The (13;15) translocation carrier was a 38-year-old infertile male who presented with an oligoasthenozoospermia (sperm count: 10×106/ml, motility (a + b): 25%). However, his wife began a spontaneous pregnancy of a foetus with a normal 46,XY karyotype. Six fertile healthy men aged between 25 and 41 years with normal semen parameters and a normal chromosome constitution were included in the study as a control group. All subjects gave their informed consent to participate in this study.

Meiotic segregation analysis was assessed on ejaculated spermatozoa using a dual-color FISH with WCP labeled with biotin for chromosome 13 and with fluorescein isothiocyanate (FITC) for chromosome 15 (STAR*FISH, Cambio, Adgenix, France). Hybridization was performed as described by Rives et al. (1998). The slides were examined at ×1,000 magnification using an epifluorescence microscope (DMRB; LEICA, Germany) with a digital imaging system (Mac Probe Version 3.3; Perceptive Scientific International Ltd., Chester, UK).

Spermatozoa with two fluorescent spots of different colors separated by at least the diameter of one signal were considered as normal with one chromosome 13 and one chromosome 15 and resulting from the alternate meiotic segregation. Although two signals of different colors, close to one another in the nucleus, are more likely to represent the derivative in contrast separate signals are likely to represent two different chromosomes, we prefer to consider that sperm nuclei with two signals of different colors coupled one with the other are normal, with one chromosome 13 and one chromosome 15, or balanced with the derivative der(13;15). Moreover, taking into account the small size of the sperm nucleus, two separate chromosomes could be close to each other and appear as too close or even colocalizing signals. Sperm nuclei with two signals of the same color separated by more than the diameter of one signal were considered to contain two copies of the corresponding chromosome and to be disomic for this chromosome after meiotic nondisjunction or adjacent segregation. A spermatozoon was considered to be diploid or resulting from the 3:0 segregation if four fluorescent domains of different colors (two red and two green spots) were present.
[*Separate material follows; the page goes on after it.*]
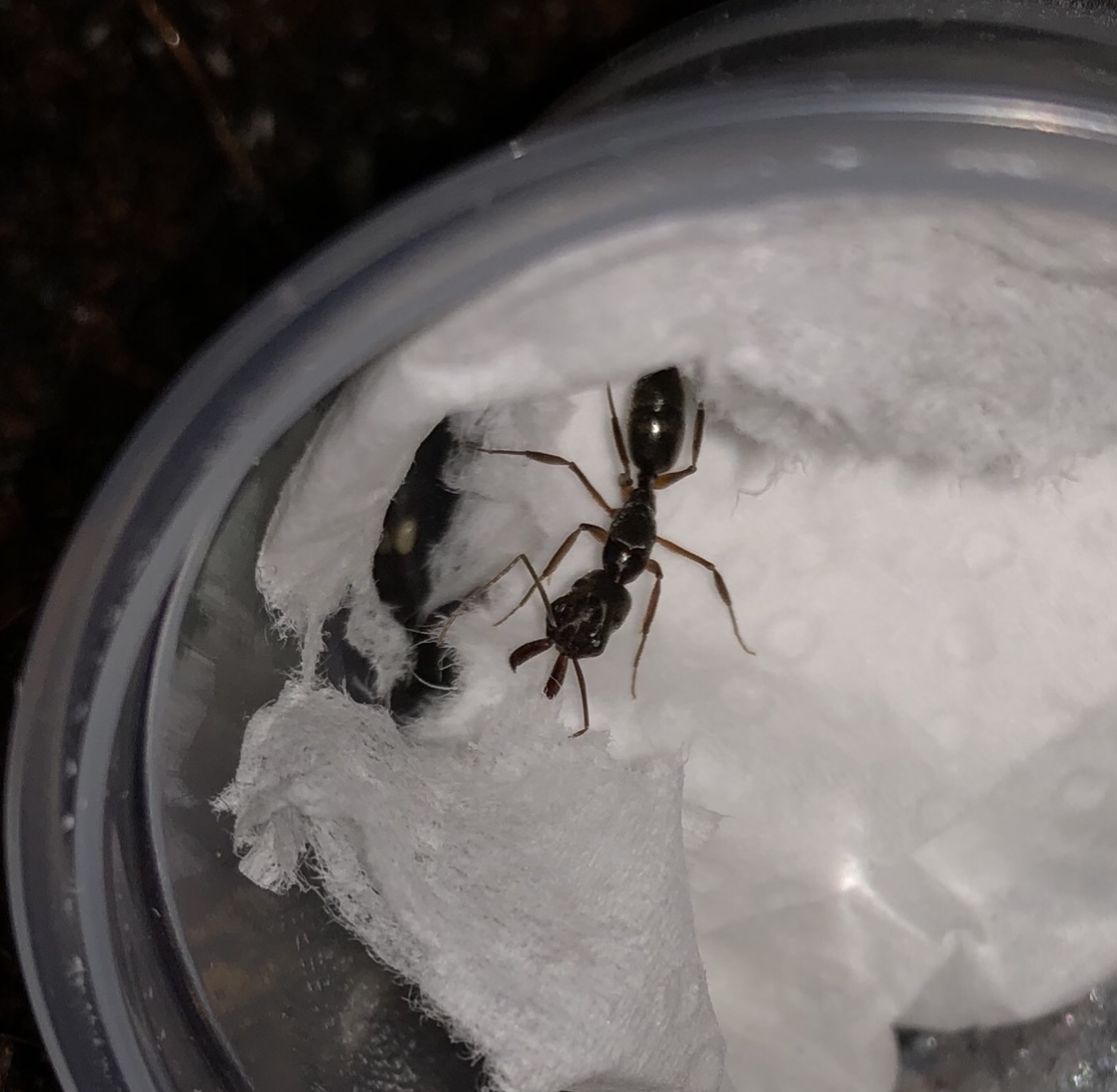 Eine wunderschöne, etwa 10-11 mm große Odontomachus Königin in einer kleinen Kunststoffdose, versendet mit Heatpack und feuchtem Küchenpapier.

Some sperm nuclei were not included in the scoring: the signal of hybridization was sometimes completely absent, probably due to a failure of the hybridization; the fluorescent domains of some spermatozoa were occasionally very diffuse with a dispersed chromatin nuclei because the decondensation of the chromatin was too excessive; the overlapping nuclei were also excluded because the fluorescent signals could not be clearly distinguished. Data were statistically analyzed with Statview software (Abacus Concepts Inc., Berkeley, CA, USA) using a Chi-square test. A p value <0.05 was considered significant.

Results

The meiotic segregation patterns of the ROB was determined in a total of 1,281 spermatozoa (Table 1, Fig. 1). In the control group, a total of 33,858 spermatozoa were assessed.

Fig. 1
figure 1

Spermatozoa from a t(13;15) carrier hybridized in dual-color fluorescent in situ hybridization (FISH) with whole-chromosome paint probes (WCP) for chromosome 13 (red) and for chromosome 15 (green). a A balanced der(13;14) or normal spermatozoon (alternate segregation). b A 13q disomic spermatozoon (adjacent segregation or meiotic nondisjunction). c A diploid or 3:0 segregation spermatozoon

Full size image
Table 1 Fluorescent in situ hybridization (FISH) in dual color using whole-chromosome paint probes for chromosomes 13 and 15 in spermatozoa from the 45,XY,der(13;15) patient and the control group
Full size table

A moderate decondensation of sperm nuclei was sufficient to obtain high hybridization efficiency without overswelling the sperm nuclei and impairing the morphology of the spermatozoa because long and short arms of chromosomes are less condensed than centromeres. Only sperm nuclei with bright and nonextended spots were scored. The number and relative size of specific chromosome domains can be accurately assessed in the majority of nuclei; all domains are not always clearly separable in these two-dimensional procedures. Two hybridization domains of the same color not clearly separated were excluded from the count.

The FISH analysis revealed that the rate of unbalanced segregation was 18.01% in the translocation carrier. The percentage of sperm nuclei with a normal or balanced karyotype was significantly higher than the percentage of unbalanced ones in the translocation carrier (78.13% versus 20.19%). However, the frequency of spermatozoa with a normal chromosome constitution (accurately identified and containing two fluorescent spots of different colors separated by at least the diameter of one signal) was significantly lower in the carrier (51.36%) compared with the control population (98.46%, p <0.0001). The same result was observed when the global rate of sperm nuclei with a normal or balanced phenotype resulting from the alternate segregation was considered (78.13% versus 98.46%, p <0.0001). The frequency of normal sperm nuclei (surely identified, 51.36%) was significantly higher compared with the frequency of balanced or normal sperm nuclei (not surely identified, 26.77%: p <0.001) in the carrier.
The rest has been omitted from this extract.